== Problem requirements ==
Copy the data below exactly, omitting any picture it contains.

== Recorded data ==
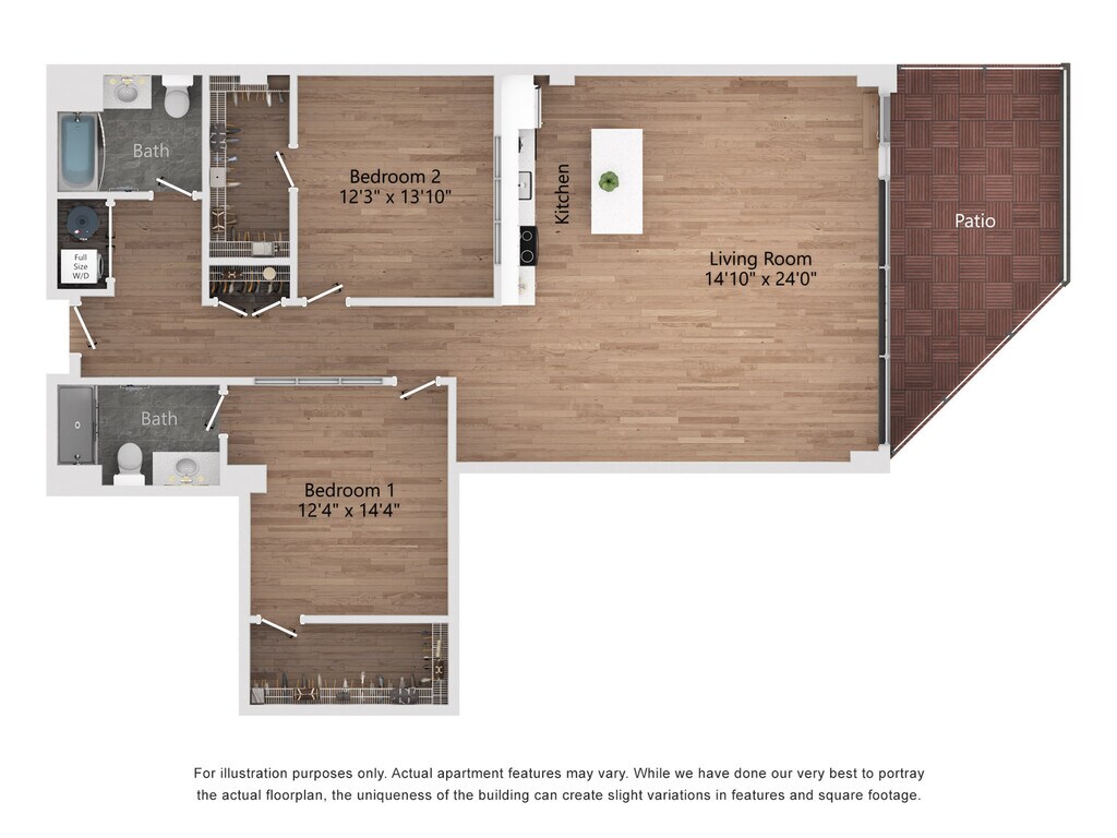 ST2 - Plano 1 Los planos son representaciones artísticas. Todas las dimensiones son aproximadas. El producto y las especificaciones reales pueden variar en tamaño o detalle. No todas las características están disponibles en cada vivienda en alquiler. Por favor, consulta con un representante para obtener más detalles.
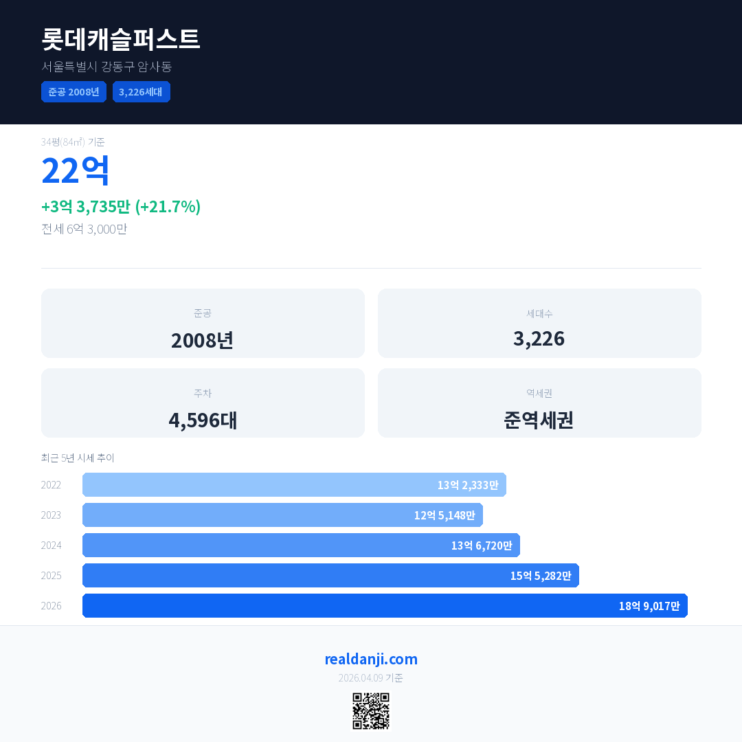 롯데캐슬퍼스트 국민평형 기준 2026년 평균 거래가는 18억 9,017만으로, 전년 대비 21.7% 상승 했습니다.
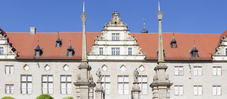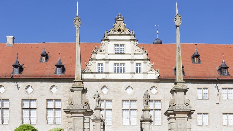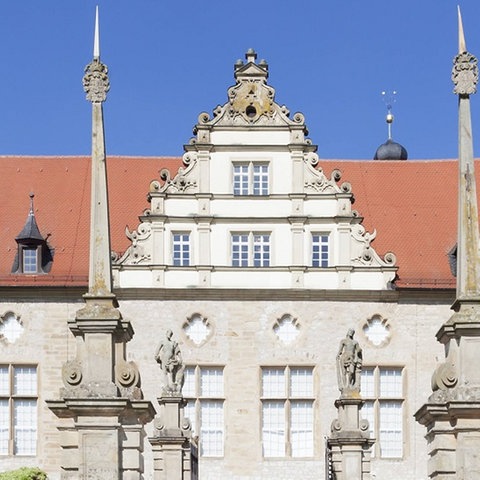 Der kunstliebende und gebildete Graf Wolfgang II. von Hohenlohe fand in Weikersheim, im Taubertal, einen idealen Bauplatz für sein repräsentatives Renaissanceschloss. Hier wurden Konrad von Weikersheim und Heinrich von Hohenlohe erstmals als Herren einer Ringmauerburg mit Wassergraben und Bergfried genannt. Als Graf Wolfgang II. und seine Ehefrau Magdalena gegen 1586 durch Erbteilung in den Besitz der alten Burg kamen, verlegten sie ihren Wohnsitz ins Taubertal und begannen ihre Ideen für einen Renaissancepalast zu realisieren. Es entstand, auf dem Grundriss eines Dreiecks – eine außerordentlich seltenes architektonisches Element -, ein Schloss mit einer prachtvollen Giebelfassade im Renaissance-Stil. Dabei bezog der Bauherr den staufischen Bergfried mit in seine Umbaupläne ein. Den Turm schmückt eine barocke Haube, die vorausschauend auf die kommende Kunstepoche hinweist.

== Problem solution ==
 ST2 - Plano 1 Los planos son representaciones artísticas. Todas las dimensiones son aproximadas. El producto y las especificaciones reales pueden variar en tamaño o detalle. No todas las características están disponibles en cada vivienda en alquiler. Por favor, consulta con un representante para obtener más detalles.
 롯데캐슬퍼스트 국민평형 기준 2026년 평균 거래가는 18억 9,017만으로, 전년 대비 21.7% 상승 했습니다.
 Der kunstliebende und gebildete Graf Wolfgang II. von Hohenlohe fand in Weikersheim, im Taubertal, einen idealen Bauplatz für sein repräsentatives Renaissanceschloss. Hier wurden Konrad von Weikersheim und Heinrich von Hohenlohe erstmals als Herren einer Ringmauerburg mit Wassergraben und Bergfried genannt. Als Graf Wolfgang II. und seine Ehefrau Magdalena gegen 1586 durch Erbteilung in den Besitz der alten Burg kamen, verlegten sie ihren Wohnsitz ins Taubertal und begannen ihre Ideen für einen Renaissancepalast zu realisieren. Es entstand, auf dem Grundriss eines Dreiecks – eine außerordentlich seltenes architektonisches Element -, ein Schloss mit einer prachtvollen Giebelfassade im Renaissance-Stil. Dabei bezog der Bauherr den staufischen Bergfried mit in seine Umbaupläne ein. Den Turm schmückt eine barocke Haube, die vorausschauend auf die kommende Kunstepoche hinweist.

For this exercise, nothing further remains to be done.